The school board in Gobles, a 1,000-student district on Lake Michigan, voted Feb. 14 to send Gov. James J. Blanchard an iou for $15,000 representing the state income tax deducted from the pay of the district's 89 employees.

Gobles school officials say they will keep the quarterly payment, due March 15, in a bank account until Governor Blanchard releases $142,000 in state aid to the district.

Last month, the Governor deferred $500 million in aid to schools and local governments to avert a cash-flow crisis. He has not said how long the aid will remain frozen.

Gobles officials concede their protest may get them into trouble. "I suspect we may hear from the state," said Superintendent Gerald Bosshard.

"I don't know who they're going to put in jail if it should come to that," he added, but he conceded he has packed his toothbrush just in case.

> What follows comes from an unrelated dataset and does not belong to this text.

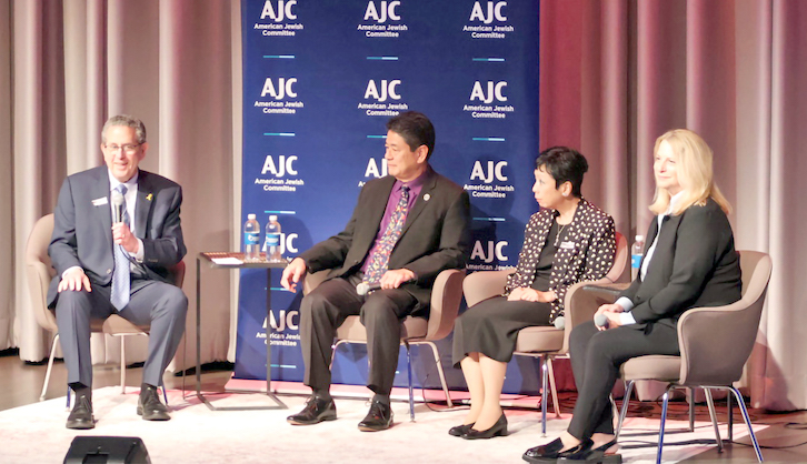 The May 29 event was an opportunity for the two communities to explore unity amidst the shared experience of having been “othered” by dominant societal forces. Deputy Consul General of Japan Naoshige Aoshima addressed the audience, as did the AJC’s Marcie Goldstein; Odzil; and Vlad Khaykin, Simon Wiesenthal Center executive vp of social impact and partnerships, North America.
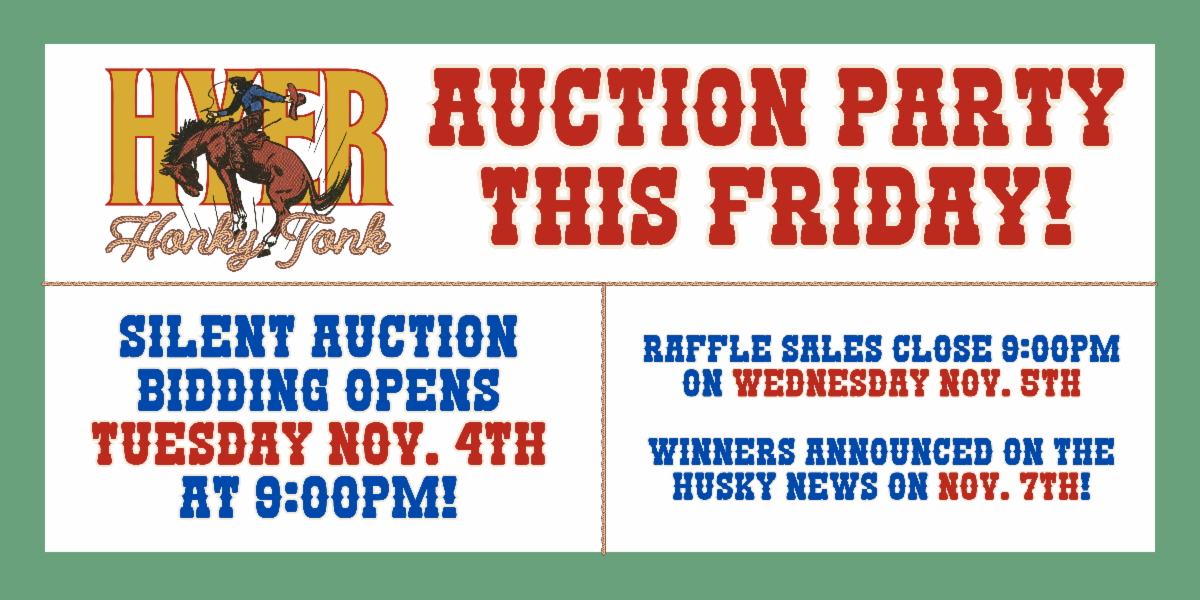 The Silent Auction officially opens Tuesday, November 4th at 9 PM — and you’ll want to act fast! Parent party spots and some coveted headbands will go quickly, while other items will be hotly contested right up until the final close on Sunday, November 9th at 9 PM! Be on the lookout Tuesday for a Husky Herald Special Edition with more information!

State officials say arrests are unlikely but they plan to deal swiftly with the tax protest. Deputy State Treasurer Douglas Trezise said his department will "quickly inform Gobles officials about the added interest in penalties attached to delinquent payments."

He added, "If we have to, we can take the assessment out of future state aid. I am hoping we won't be forced to do that."

Mr. Trezise said districts with severe financial problems sometimes send income-tax payments in late, but he could not remember similar tax protests in his eight years with the treasury department.

Mr. Bosshart said the school board became frustrated while struggling to draft the district's budget without knowing how much state aid to expect.

"Last year, we lost $52,000 in executive-order cuts" under former Michigan Gov. William Milliken, Mr. Bosshard said, "There's a good chance we won't see the money this year."

The Gobles board's decision came without the advice of its lawyer and over the objections of its president, David Barber, who was outvoted six to one.

"I just don't like to see us doing anything illegal," Mr. Barber said. "We've got no right to fool around with the employees' paychecks. It sets a bad example for the students."